Archive for the ‘ Depression ’ Category

Your Mental Health Matters

Saturday, July 18th, 2020

Mental health refers to cognitive, behavioural, and emotional well-being. It is all about how people think, feel, and behave. A good mental health also means the absence of a mental disorder. Your mental health affects your ability to cope with stress, overcome challenges, build relationships, and recover from life’s setbacks and hardships. According the World Health Organization (WHO), mental illness makes about 15% of the total disease conditions around the world.

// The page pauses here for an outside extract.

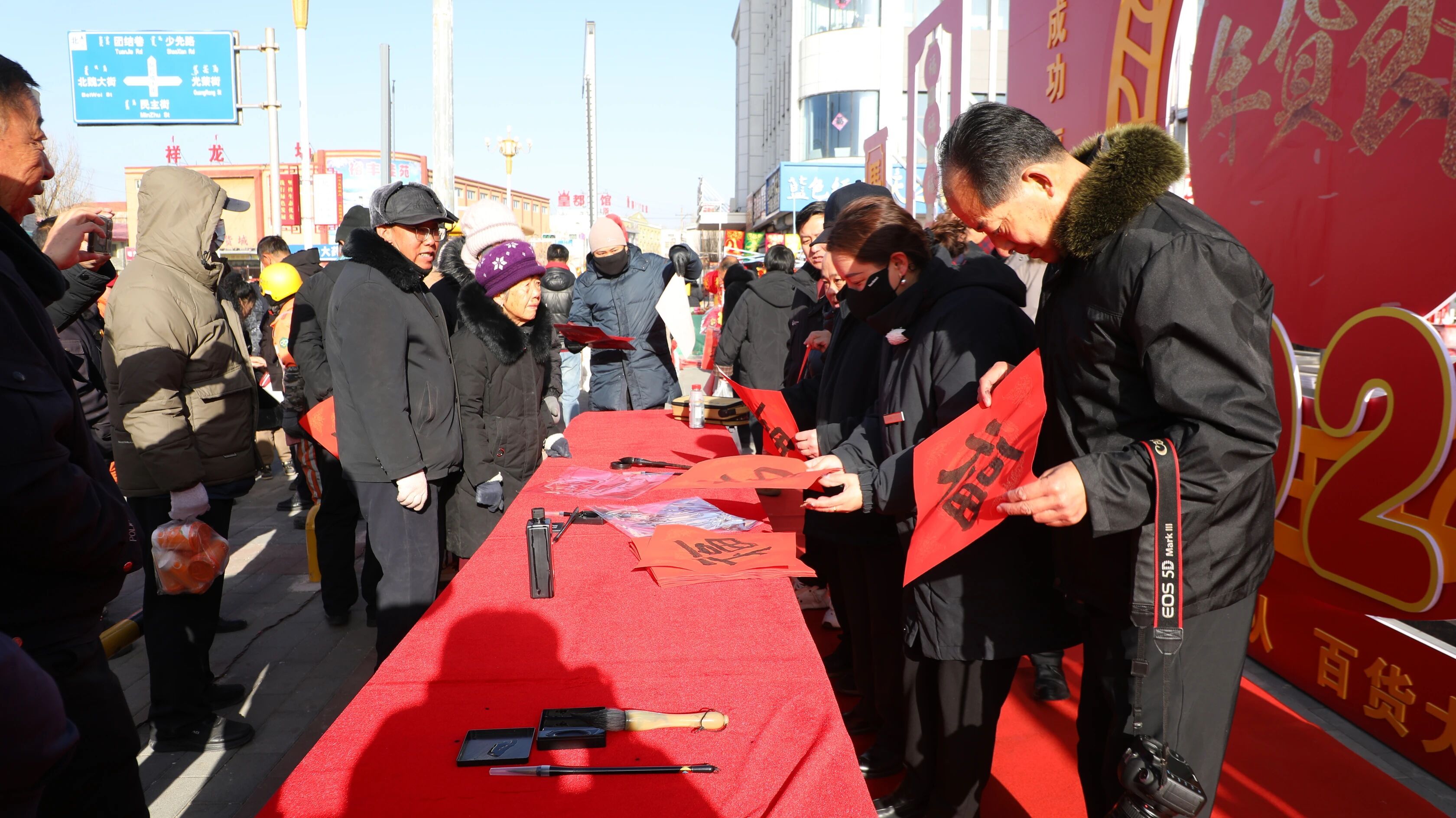 为绘就民生暖心画卷,县文联、县文旅局、县城管大队携手百货大楼、金山悦府等企业共同发力。活动现场,“书法名家手写春联送福字”、经典歌曲连唱等文化活动精彩纷呈,吸引众多市民驻足欣赏,深厚的文化底蕴与蓬勃的消费活力相交融,实现了文化惠民与市场繁荣的双向促进。“一直喜欢这墨香里的传统年味,今年领到了春联和福字,春节就能贴上啦!”张阿姨开心地说道。

Common mental health disorders

One in four people in the world will be affected by mental disorders at some point in their lives. Treatments are available, but nearly two-thirds of people with a known mental disorder never seek help from a health professional. Stigma, discrimination, and neglect prevent care and treatment from reaching people with mental disorders.

The most common types of mental illness are:

Anxiety disorders
People with these conditions have severe fear or anxiety, which relates to certain objects or situations. Restlessness, fatigue, tense muscles, disturbed sleep are some physical symptoms.

Mood disorders
People with these conditions have significant changes in mood, generally involving either mania, which is a period of high energy and elation, or depression. Examples of mood disorders include:

  • Major depression: An individual with major depression experiences a constant low mood and loses interest in activities and events that they previously enjoyed. They can feel prolonged periods of sadness or extreme sadness.
  • Bipolar disorder: A person with bipolar disorder experiences unusual changes in their mood, energy levels, levels of activity, and ability to continue with daily life.
  • Postpartum Depression: Postpartum depression (PPD) is a type of depression that affects some women after giving birth to an infant. Symptoms include sadness, changes in sleeping and eating patterns, anxiety, and irritability.

Panic disorders
People with a panic disorder experience regular panic attacks, which involve sudden, overwhelming terror or a sense of imminent disaster and death.

Phobias
There are different types of phobia:

  • Simple phobias: These might involve a disproportionate fear of specific objects, scenarios, or animals. Fear of closed spaces called claustrophobia is a common example.
  • Social phobia: Sometimes known as social anxiety, this is a fear of being subject to the judgment of others. People with social phobia often restrict their exposure to social environments. 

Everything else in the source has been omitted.